UCEP’s Role in the Training of Emergency Medicine Residents in Utah

Susan Stroud, MD

The EM residency program based at the University of Utah has benefitted from a close relationship with UCEP since the enrollment of its first class in 2005. All residents in our program are provided with ACEP, EMRA, and UCEP membership throughout their training. The benefits of membership in these organizations provide our trainees with resources and opportunities that enhance their clinical education and expose them to opportunities to learn and lead through advocacy for our specialty.

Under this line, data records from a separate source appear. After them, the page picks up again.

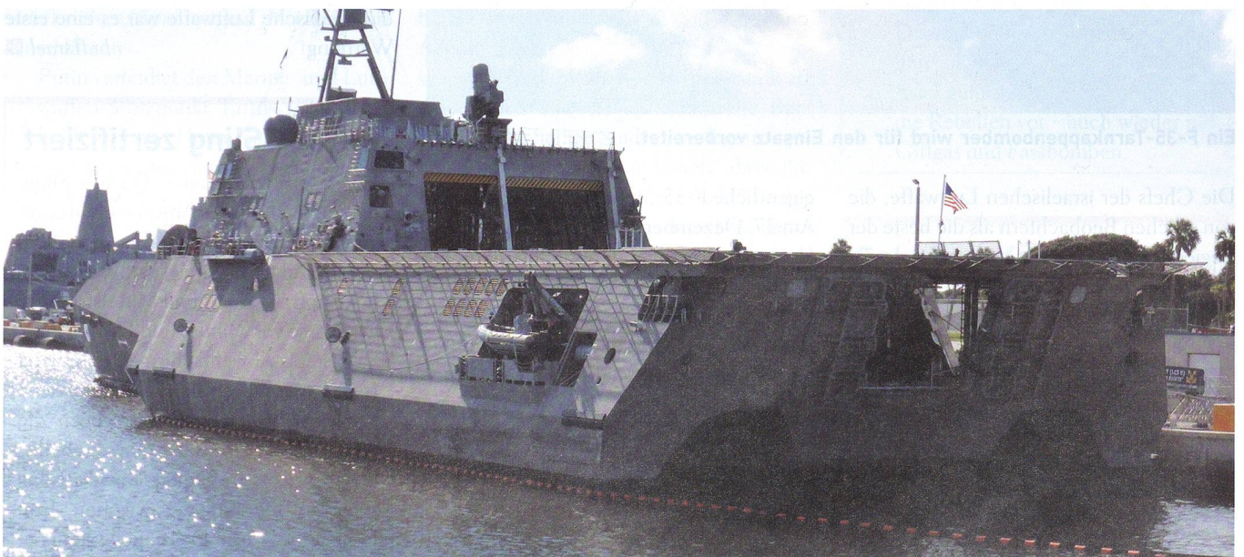
Das brandneue Littoral Combat Ship USS Montgomery (LCS 8) in Mayport. Die Katamaran Boote werden dereinst anderswo stationiert. Mayport erhält nur Einrumpf-Schiffe.

Die Anfänge der Naval Station Mayport reichen weit zurück. Bereits 1562 landete der französische Hugenotte Jean Ribault an der St. Johns River Mündung (Bucht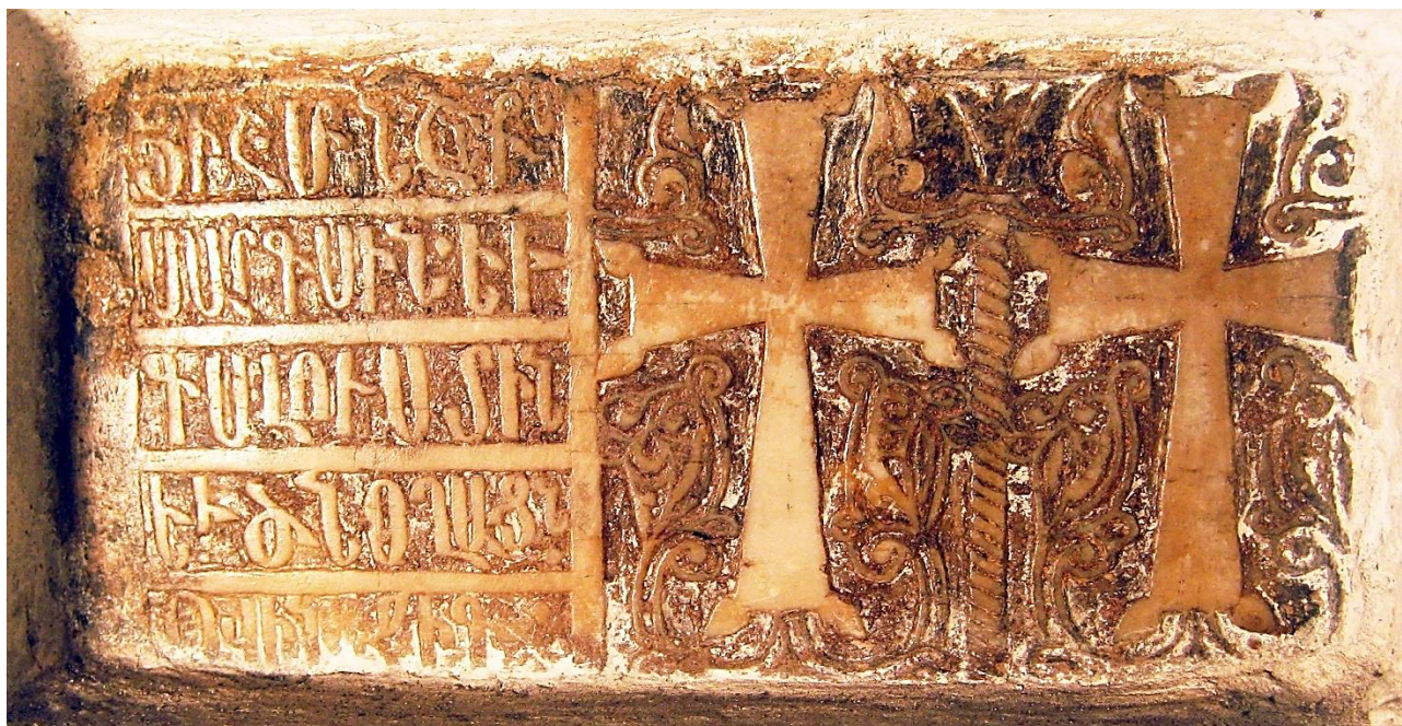
10c. Akkerman, Saint-Auxence. Plaque à deux croix de 1474, avec inscription sur le côté gauche (29,5 x 16 cm).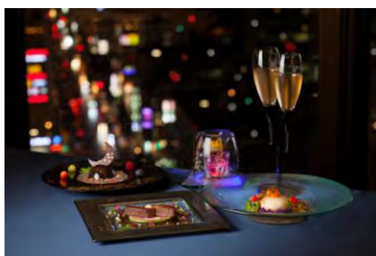
センチュリーロイヤルホテル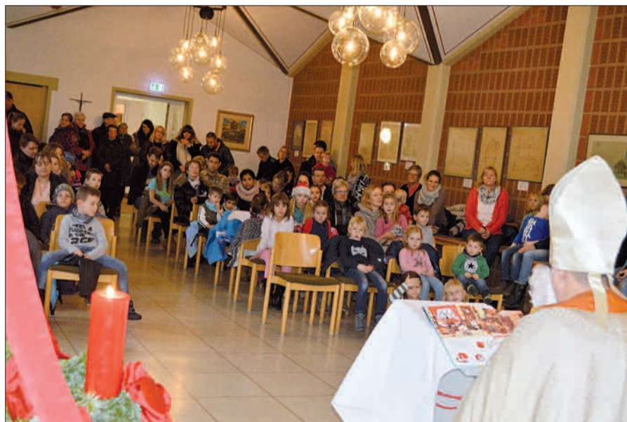
Mit dem ersten Weihnachtsmarkt am Rahmer Zwiebelturm hat die örtliche Schützenbruderschaft ein schönes Fest für die Gemeinschaft geschaffen – viele, viele Kinder lauschten im Gemeindefest, wie der Nikolaus vorlas (Bericht S. 9).

The core content of an emergency medicine residency is dedicated to exposure and mastery of the clinical skills necessary to be a competent emergency physician. Membership in UCEP provides the opportunity to gain parallel experiences in understanding the issues facing our patients and all EM physicians in the workplace outside of their training  environment. Understanding the special role that emergency medicine plays in the safety net of our healthcare system, as well as the issues facing our physicians and specialty, is just the beginning.

Our residency has been lucky enough to co-host the annual UCEP Summit as part of our planned weekly education conference and benefited from UCEP’s ability to attract national speakers like Chris Kang, Past President of ACEP, Amal Mattu, Scott Weingart, Jim Dahle, and Corey Slovis to name a few.

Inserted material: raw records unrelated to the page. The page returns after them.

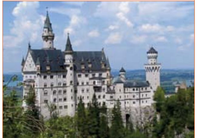
Le château de Neuschwanstein

Les élèves seront hébergés, seul ou par deux, dans des familles munichoises. Ils partageront ainsi la vie de la famille, avec qui ils dîneront, passeront la soirée, et prendront le petit-déjeuner. Ils découvriront le mode de vie à l'allemande, des horaires, des habitudes de vie, une alimentation différente, et devront s'y adapter. Ils auront à interviewer leur famille d'accueil, ce qui leur permettra d'affiner, en situation réelle, leur compréhension et leur expression en allemand.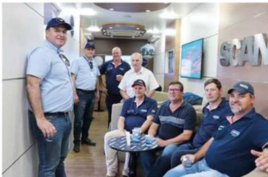
Integrantes da Associação dos Motoristas de Garibaldi junto com a equipe da Brasdiesel.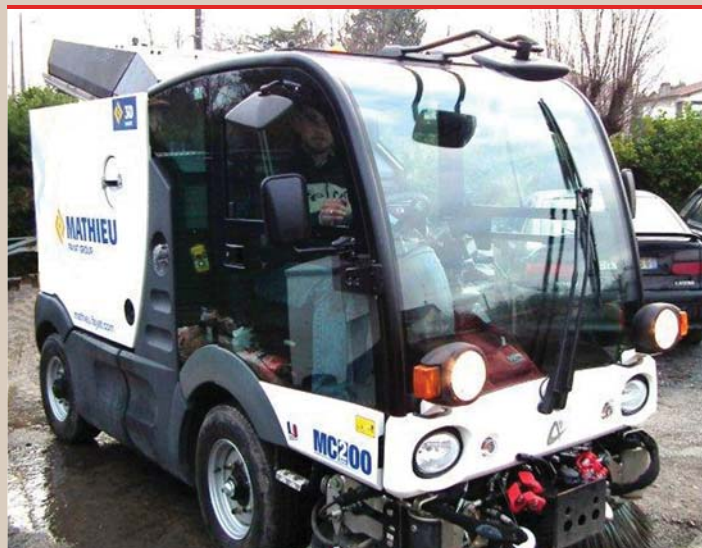
La nouvelle balayeuse.

Indispensable pour le maintien de la propreté des de la voirie, la nouvelle balayeuse a pris ses fonctions depuis le mois de janvier. La municipalité a acquis ce matériel à la société 3D MATHIEU, pour un montant de 79 000 € HT. La balayeuse est polyvalente : elle peut être équipée d'une lame de déneigement ou saler les routes. Elle est garantie 2 ans pièce et main d'œuvre. Quatre agents des Services Techniques ont été formés par la société 3D MATHIEU durant 2 jours.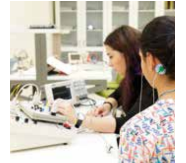
MEDİKAL CİHAZLAR ve ROBOTLAR ATÖLYESİ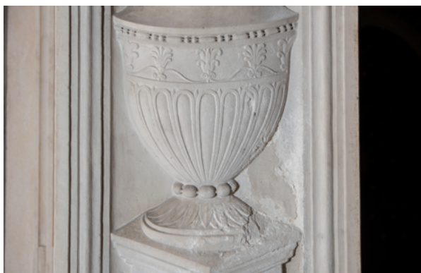
4. a - c Šibenik, katedrala sv. Jakova, primjeri ornamenta vretenaca s kamenom niti, Nikola Firentinac: a. vijenac iznad prozora tambura, b. lučni vijenac nad sjevernom apsidalnom kapelom, pogled s istoka, c. Trogir, kapela biskupa Ivana Ursinija, ulazni pilastar, dekorativni ukras s vretencima na reljefnoj vazi

Šibenik, cathedral of St Jacob, examples of spindle ornaments with stone thread, Nicholas of Florence: a. cornice above the tambour window, b. arched cornice over the northern apsidal chapel, view from the east, c. Trogir, chapel of Bishop Ivan Ursini, entrance pilaster, decorative ornament with dragonflies on a relief vase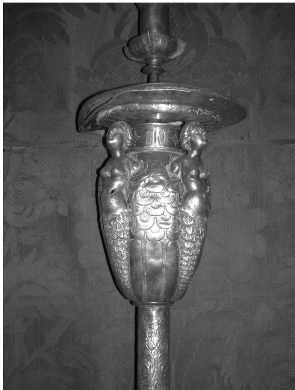
Figura 3: Cirial. Iglesia ex-colegial de Olivares.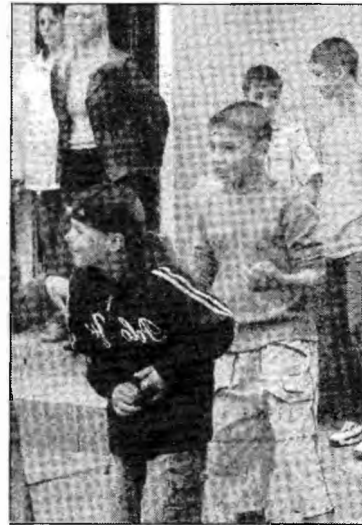
O șansă pentru copiii cu SIDA

Până acum, tot cu banii obținuți la diverse târguri, din vânzarea obiectelor confecționate de ei, au reușit să organizeze o excursie la o cabană din apropierea orașului lor, dar și atunci au avut noroc cu minierii de la Mina Lonea care au renunțat la masa lor de dinaintea intrării în schimb și le-au dat-o copiilor seropozitivi veniți în excursie.

Our residents are provided with the unique opportunity to serve as a resident member on the UCEP board if they choose, and can participate in activities designed to address issues and challenges specific to the practice of emergency medicine in Utah. They also can attend the ACEP Leadership and Advocacy Conference in Washington, DC with other UCEP board members to develop these skills and learn about legislative and regulatory issues facing our specialty at the national level.

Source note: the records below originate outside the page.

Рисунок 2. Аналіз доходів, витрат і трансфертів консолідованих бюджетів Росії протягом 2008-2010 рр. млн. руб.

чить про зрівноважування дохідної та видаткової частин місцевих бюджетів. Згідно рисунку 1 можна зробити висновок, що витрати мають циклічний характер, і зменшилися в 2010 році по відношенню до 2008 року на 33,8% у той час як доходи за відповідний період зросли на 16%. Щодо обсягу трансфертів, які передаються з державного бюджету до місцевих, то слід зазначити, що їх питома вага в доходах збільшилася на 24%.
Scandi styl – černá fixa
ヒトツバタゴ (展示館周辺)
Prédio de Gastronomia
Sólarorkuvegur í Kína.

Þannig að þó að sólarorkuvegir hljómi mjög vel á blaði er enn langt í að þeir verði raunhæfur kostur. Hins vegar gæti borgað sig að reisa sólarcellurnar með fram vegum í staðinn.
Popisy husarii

Through this mentorship and involvement in addressing real world issues and interfacing with legislators representing Utah, many graduates have been empowered to continue this work. Two of our current UCEP resident board members (Ellie Gilbertson and Alex Franke) recently served as councilors representing UCEP at the ACEP Council meeting last month in Philadelphia. Another current Utah resident, Chris Evola, contributed to a UCEP task force formed to improve care coordination for patients in police custody and is engaged in a quality improvement project around this work. Alison Smith, our current UCEP president, is also a graduate of our training program. She was not only a UCEP resident board member but was also elected to the EMRA Board of Directors and served as the national EMRA representative to ACEP during her residency training. Several of our current UCEP board members are also graduates of our program and served as UCEP resident board representatives during their training.

UCEP has provided role models for our trainees and many members have served as personal mentors for the development of effective leadership and advocacy skills. These opportunities have enhanced the careers of many of our trainees and provided passion for continuing to advocate for our specialty and emergency physicians throughout our state and beyond.